Path("temp_data").mkdir(exist_ok=True)

for path in tqdm(sample_paths):
    hf_hub_download(
        repo_id="HuggingFaceFW/fineweb-2",
        repo_type="dataset",
        filename=path,
        local_dir="temp_data",
    )


  0%|          | 0/2 [00:00<?, ?it/s]

100%|██████████| 2/2 [00:00<00:00,  5.87it/s]


In [26]:
df = pl.scan_parquet("temp_data/**/*.parquet")
df.head(5).collect()

text,id,dump,url,date,file_path,language,language_score,language_script,minhash_cluster_size,top_langs
str,str,str,str,str,str,str,f64,str,i64,str
"""欲しかった車を探せるサイト 独身時代は、ただ乗れればいいと思…","""<urn:uuid:9221bbac-4ab3-4d7b-9…","""CC-MAIN-2013-20""","""http://careerspaceezine.com/""","""2013-05-20T01:19:20Z""","""s3://commoncrawl/crawl-data/CC…","""jpn""",1.000009,"""Jpan""",1,"""{""jpn_Jpan_score"": 1.000009059…"
""" ふくむすめどうわしゅう(Hukumusume fairy…","""<urn:uuid:d03fc65f-99bb-4095-b…","""CC-MAIN-2013-20""","""http://hukumusume.com/douwa/En…","""2013-05-20T01:18:14Z""","""s3://commoncrawl/crawl-data/CC…","""jpn""",0.992212,"""Jpan""",2,"""{""jpn_Jpan_score"": 0.992212295…"
"""家電通信をお届けします 家電は一度購入したら、何年も使い続け…","""<urn:uuid:89b3dae5-8a49-4d51-a…","""CC-MAIN-2013-20""","""http://wnclivehosting.com/inde…","""2013-05-20T01:57:39Z""","""s3://commoncrawl/crawl-data/CC…","""jpn""",1.00001,"""Jpan""",1,"""{""jpn_Jpan_score"": 1.000010013…"
"""出版社からのコメント MovableTypeの特徴のひとつと…","""<urn:uuid:84019b07-0424-4d79-b…","""CC-MAIN-2013-20""","""http://www.amazon.co.jp/MOVABL…","""2013-05-20T01:50:55Z""","""s3://commoncrawl/crawl-data/CC…","""jpn""",1.000009,"""Jpan""",2,"""{""jpn_Jpan_score"": 1.000008940…"
"""FrontPage 私も結婚することで、今の保険に入ろうか考…","""<urn:uuid:3fc5c2a5-c3a7-409c-b…","""CC-MAIN-2013-20""","""http://www.christian-louboutin…","""2013-05-20T01:59:19Z""","""s3://commoncrawl/crawl-data/CC…","""jpn""",1.00001,"""Jpan""",15,"""{""jpn_Jpan_score"": 1.000009894…"


In [27]:
df.select("language_score").describe()

statistic,language_score
str,f64
"""count""",33735000.0
"""null_count""",0.0
"""mean""",0.999791
"""std""",0.002776
"""min""",0.886358
"""25%""",0.999996
"""50%""",1.000007
"""75%""",1.000009
"""max""",1.00001


In [28]:
df.filter(pl.col("url").str.contains("wikipedia")).count().collect(streaming=True)

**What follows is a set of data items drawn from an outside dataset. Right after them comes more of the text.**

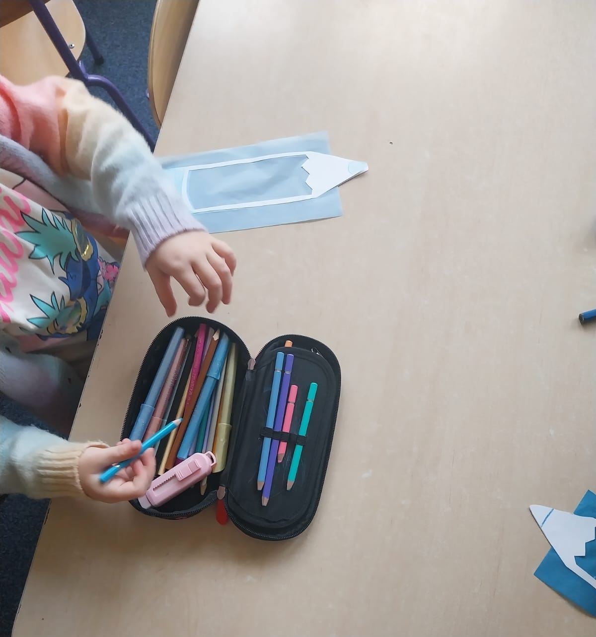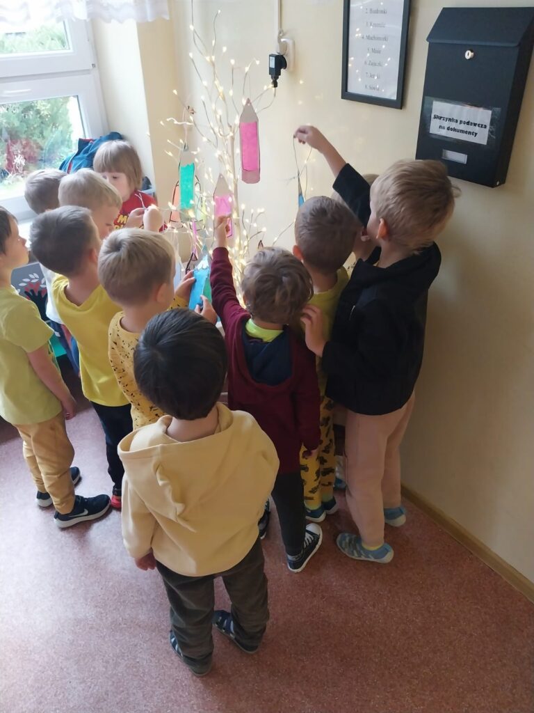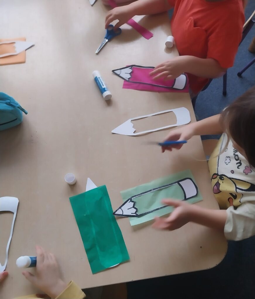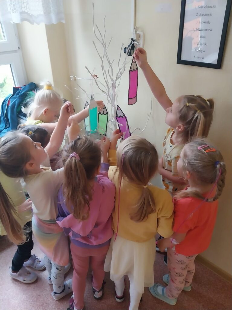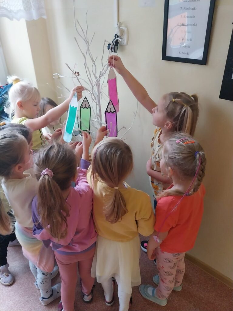 Dziś grupa Zajączków świętowała Dzień Kredki. 🐰🖍️ Dzieci rozmawiały o tym wyjątkowym święcie i dowiedziały się, skąd się wzięło oraz dlaczego kredki są takie ważne w ich codziennej pracy. Z tej okazji wykonały kolorowe prace plastyczne – witrażyki w kształcie kredek, które zawiesiliśmy na naszym drzewie zajączkowym w holu. Był to dzień pełen barw, kreatywności i radości. 🎨🐇
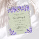 Um plano verde da moda. Decorados com bordas de lavanda e poeira brilhante colorida. Personalize e adicione seus nomes e detalhes. 1 folha = 1 convite impresso de borda a borda.
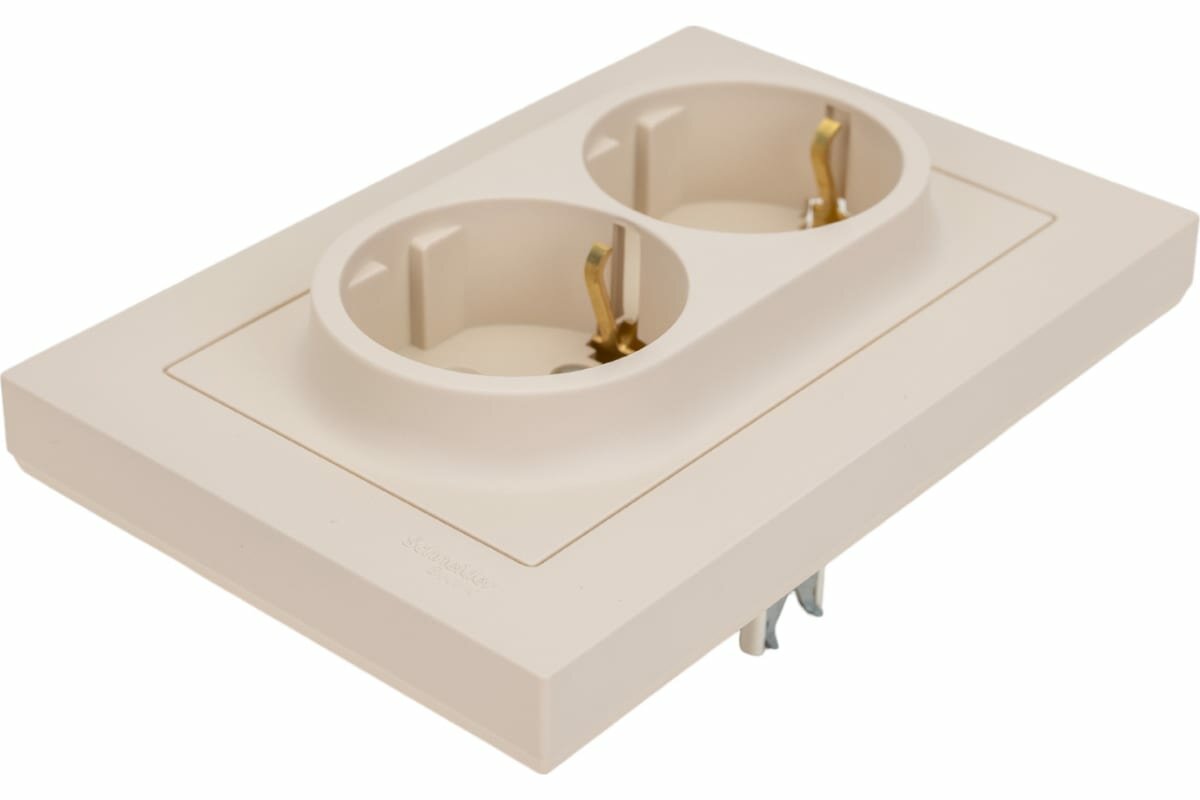 Розетка двухместная ATLASDESIGN, скрытый монтаж, с заземлением, бежевый. ATN000224 Schneider Electric
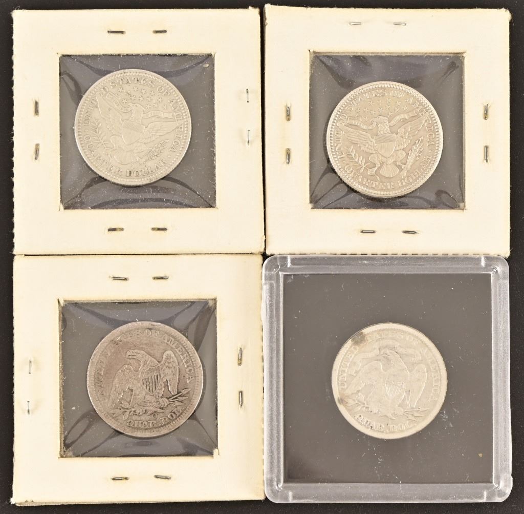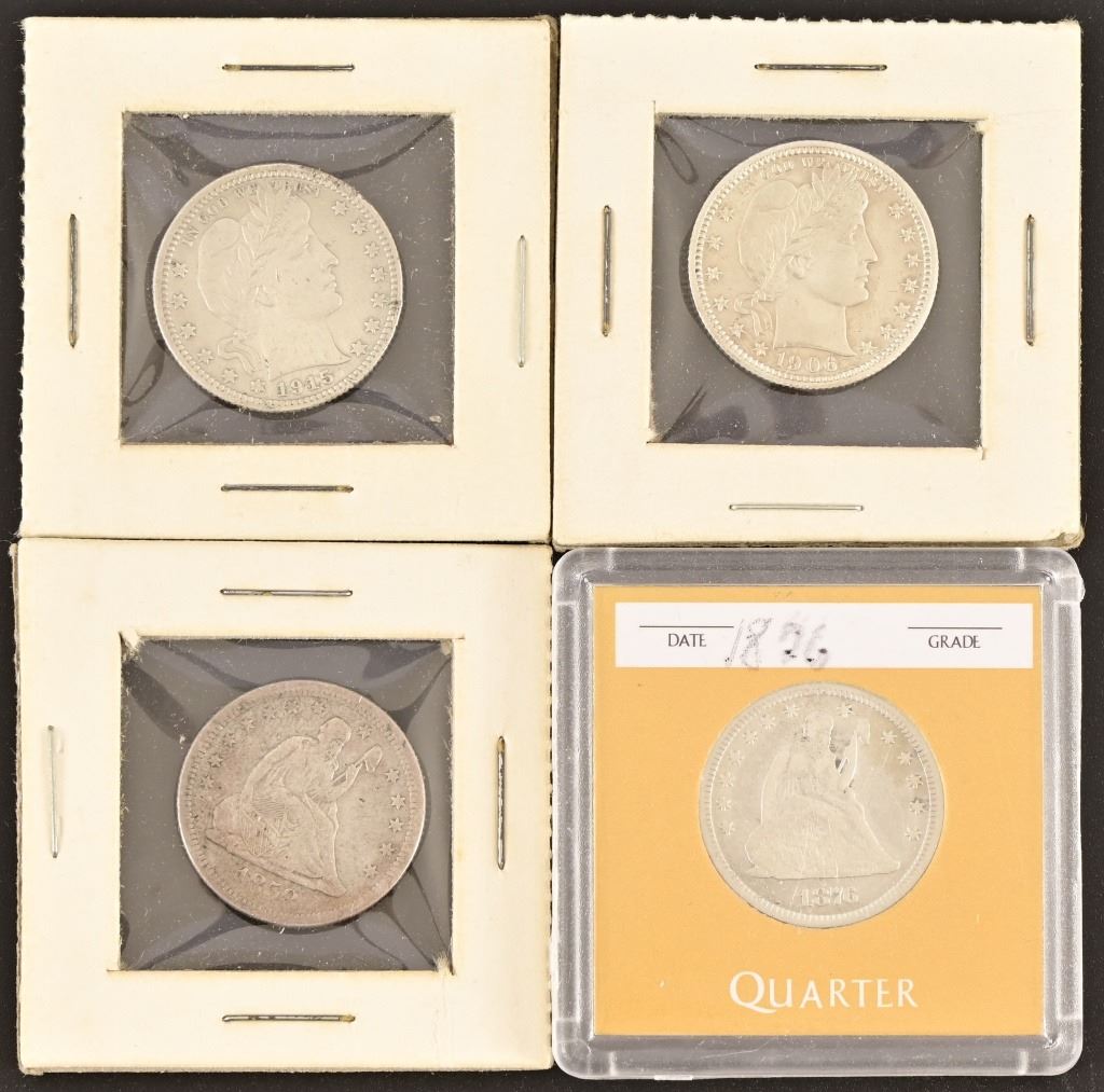 1858 & 1876 Seated Liberty Quarters ; 1906 and 1915 Barber Quarters

text,id,dump,url,date,file_path,language,language_score,language_script,minhash_cluster_size,top_langs
u32,u32,u32,u32,u32,u32,u32,u32,u32,u32,u32
55053,55053,55053,55053,55053,55053,55053,55053,55053,55053,55053


In [29]:
japanese_edu_domains = [
    "http://www.asagaku.com/",
    "www3.nhk.or.jp/news/easy/",
    "http://kids.yahoo.co.jp/",
]

In [30]:
df.filter(pl.col("url").is_in(japanese_edu_domains)).count().collect(streaming=True)

text,id,dump,url,date,file_path,language,language_score,language_script,minhash_cluster_size,top_langs
u32,u32,u32,u32,u32,u32,u32,u32,u32,u32,u32
3,3,3,3,3,3,3,3,3,3,3


We'd obviously want to expand this list to include more domains but you can see how we can still use the same techniques to filter very large datasets without running out of memory.